The pipeline output is a list of Answer objects under the answers key. You see the Document objects from which the pipeline is getting the answer but looking at the documents key of the pipeline output.

result["answer"]

result["documents"]

Check out the tutorial Utilizing existing FAQs for Question Answering for more information on FAQPipeline.

QuestionGenerationPipeline

The most basic version of a question generator pipeline takes a document as input and outputs generated questions that the Document can answer.

text1 = "Python is an interpreted, high-level, general-purpose programming language. Created by Guido van Rossum and first released in 1991, Python's design philosophy emphasizes code readability with its notable use of significant whitespace."

question_generation_pipeline = QuestionGenerationPipeline(question_generator)
result = question_generation_pipeline.run(documents=[document])

The Underlying Pipeline Structure

Here's the pipeline under the hood:

pipeline = Pipeline()

pipeline.add_node(component=question_generator, name="QuestionGenerator", inputs=["Query"])

result = pipeline.run(documents=[document])

You can access the generated questions as follows.

result["generated_questions"]["questions"]

Output:

[' Who created Python?',
 ' When was Python first released?',
 " What is Python's design philosophy?"]

QuestionAnswerGenerationPipeline

This pipeline takes a Document as input, generates questions on it, and attempts to answer these questions using a Reader model.

qag_pipeline = QuestionAnswerGenerationPipeline(question_generator, reader)
result = qag_pipeline.run(documents=[document])
print(result)

The Underlying Pipeline Structure

Here's the pipeline under the hood:

pipeline = Pipeline()

pipeline.add_node(component=question_generator, name="QuestionGenerator", inputs=["Query"])
pipeline.add_node(component=reader, name="Reader", inputs=["QuestionGenerator"])

result = pipeline.run(documents=[document])

Output:

{
 ...
 'query_doc_list': [{'docs': [{'text': "Python is an interpreted, high-level, general-purpose programming language. Created by Guido van Rossum and first ...", ...}],
                     'queries': ' Who created Python?'},
                    ...],
 'results': [{'answers': [{<Answer: answer='Guido van Rossum', score=0.9950061142444611, context='eted, high-level, general-purpose programming lang...'>, ...],
              'no_ans_gap': 15.335145950317383,
              'query': ' Who created Python?'},
              ...
             ],
 ...
 }

MostSimilarDocumentsPipeline

This pipeline is used to find the most similar documents to a given document in your DocumentStore.
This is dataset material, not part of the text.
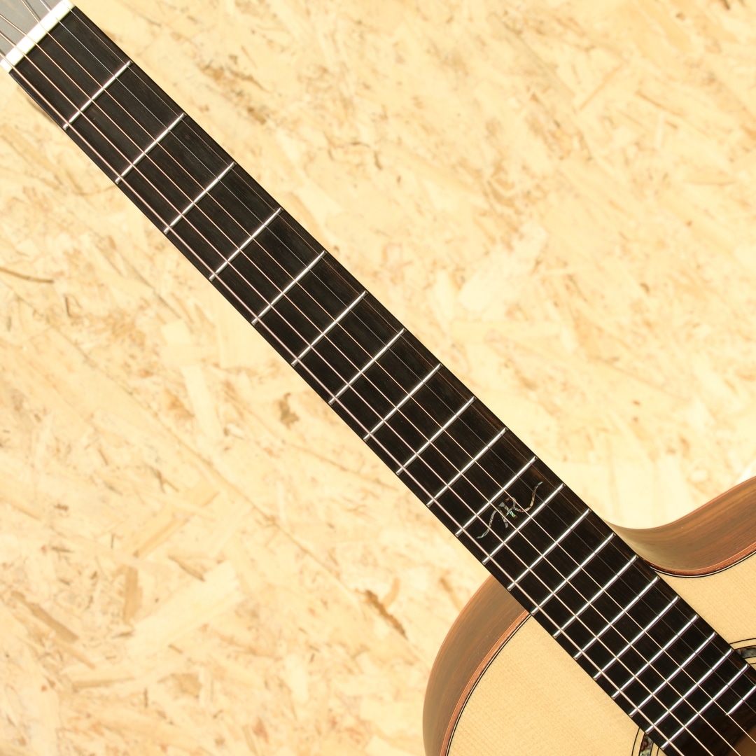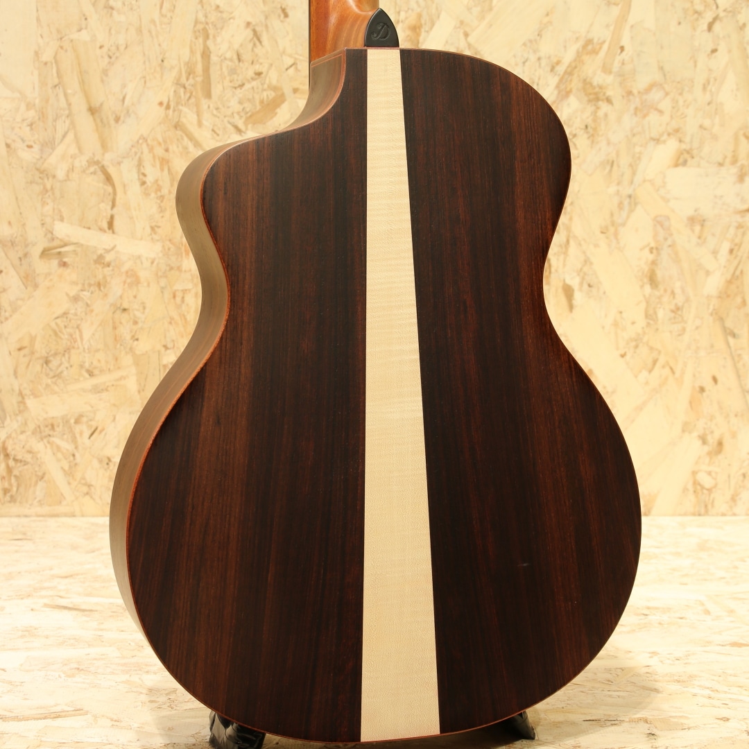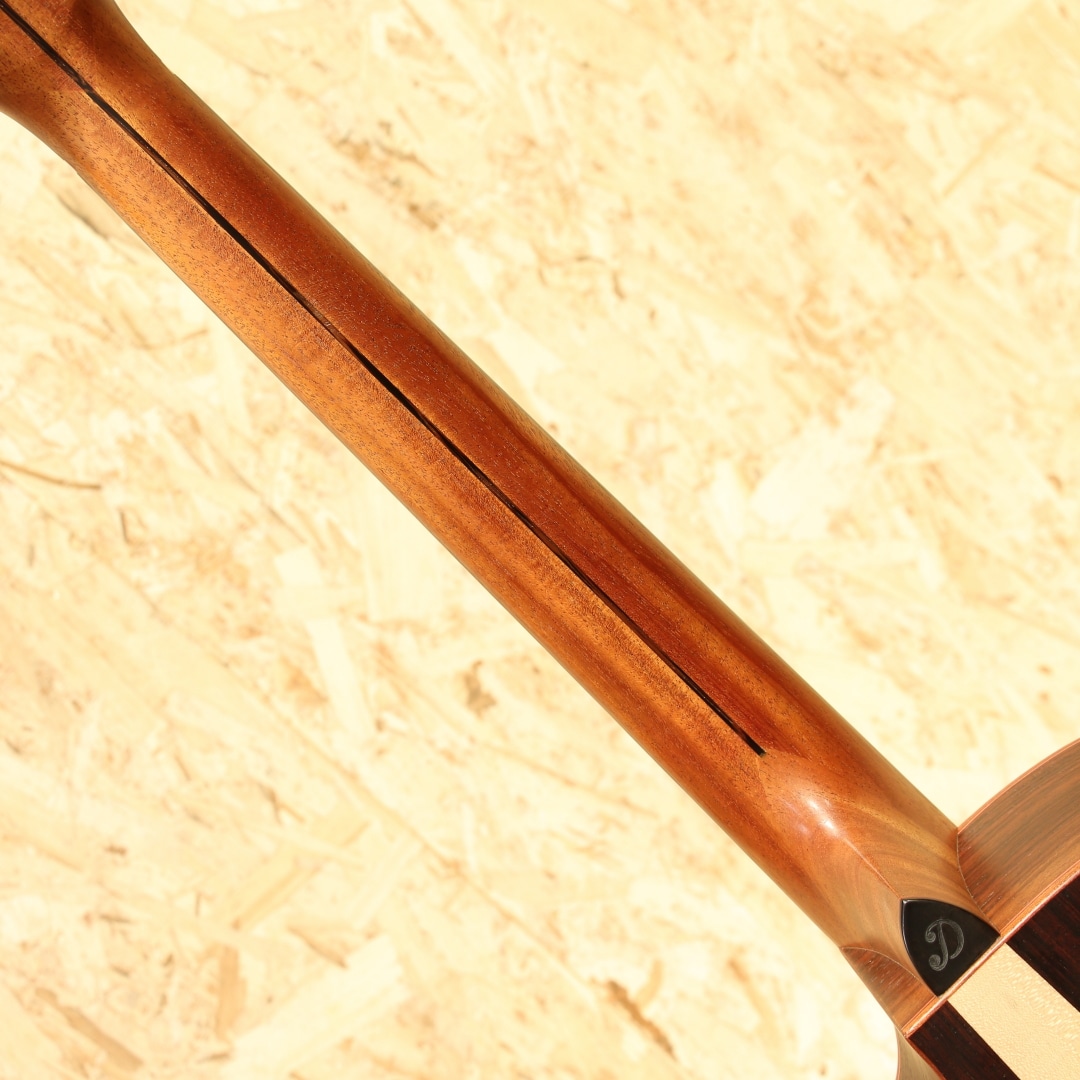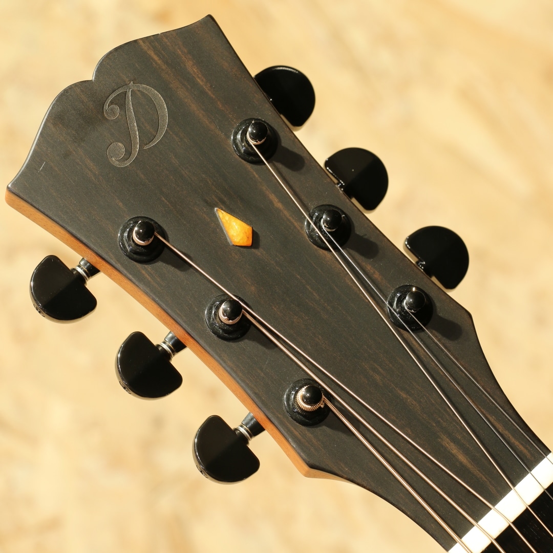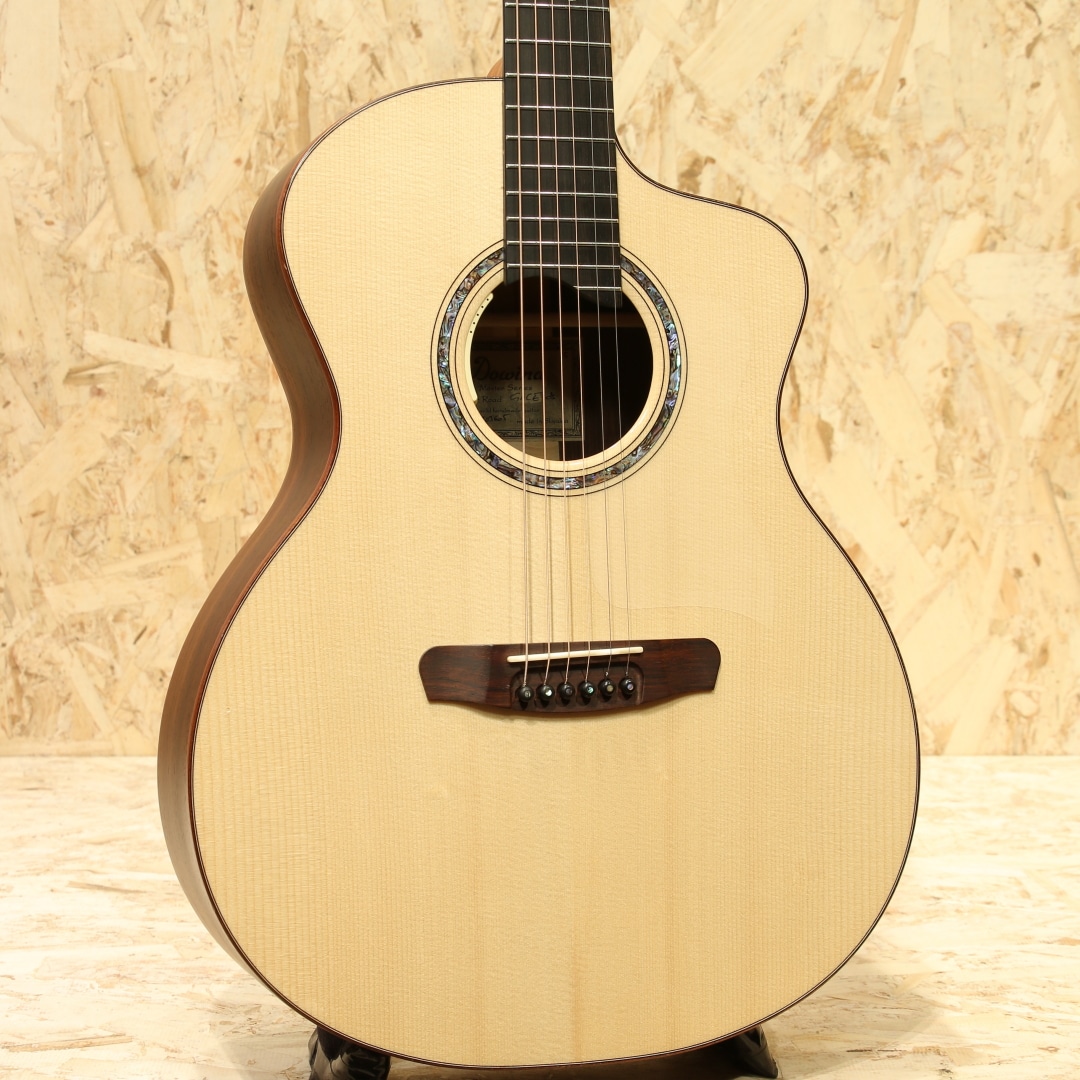 東欧のスロバキアに工房を構えるギターブランド"Dowina(ドウィナ)"。その中でも古くは琥珀を運ぶ貿易網であったアンバーロード、その中継地点にスロバキアがあったことにあやかりネーミングされた”Amber Road”シリーズ。本器はグランドオーディトリアムサイズ”GACE-ds”。2020年代製のUSED品。ドロミテ・スプルーストップ、インディアンローズウッドサイド、インディアンローズウッド&メイプル3Pバック、カヤマホガニー&ウェンジネック、エボニー指板、エボニーブリッジ、クリアピックガード、45mmナット幅、カッタウェイ&L.R.Baggs Anthem搭載。トップは艶のあるグロス仕上げ、ネック裏とサイド&バックは艶無しサテン仕上げの仕様。北欧のヨーロピアンブランドだけに近い国々のブランドと似た仕様を持っているところに、製作理念のようなものを感じさせます。ナット幅は45mmとなっておりフィンガースタイルにも対応し易くなっており、カッタウェイの搭載によってポジションを問わない演奏性を獲得。どちらもソロギターでは嬉しい点でしょう。ヘッドにはアンバー(琥珀)のようなものが埋め込まれており、シリーズ名にちなんだ外観となっています。更に特筆すべき点はトップ材のドロミテスプルース。北イタリアはアルプス・ドロミテ地方で産出される材で、古くから弦楽器の表板として使われ、ストラディバリがこの木を使っていたことでも知られています。そしてクラシックテイストを感じさせる、低音の落ち着いている出方と高音弦の抜け方が気持ち良いトーン。やや奥ゆかしさを感じる音色、ボワつかず、ややタイト気味に音が立ち上がります。それでも箱で増幅している感覚やオープンなトーンも持ち合わせており、出過ぎている帯域が無いところにバランスの良さを感じられます。仕様やサウンドからフィンガースタイルプレイヤーに好まれそうな、ヨーロッパブランド特有の音色を持ちつつ演奏性の高い1本。L.R Baggs Anthemピックアップシステムを製造時に搭載。クッキリとした音像を拾えるピエゾ、そこにボディの空気感を拾えるマイクを足して出力できるシステムです。任意でマイクのミックス具合を調整でき、ソリッドなピエゾサウンドから空気感のある自然なサウンドまでその場に応じて可変出来る優秀なシステムです。ボディトップ面6弦側のボトム箇所、トップ面の指板6弦側横、ブリッジ1弦側下部に若干の当てキズが見られるのが惜しい点、全体を通しても使用感は少なく状態の良いまま保たれた個体。ネック周りの演奏性も整えられ、フィンガースタイルの要望にも応えられるであろう弾きやすい1本です。生での演奏からラインサウンドまで。拘り派の方にも満足して頂けるであろう優秀なギター。金額を考えると非常にコストパフォーマンスの良いUSED品です。是非ご検討下さいませ。

You will need to first make sure that your indexed documents have attached embeddings. You can generate and store their embeddings using the DocumentStore.update_embeddings() method.

from haystack.pipelines import MostSimilarDocumentsPipeline

msd_pipeline = MostSimilarDocumentsPipeline(document_store)
result = msd_pipeline.run(document_ids=[doc_id1, doc_id2, ...])

The output will be a list of Document objects.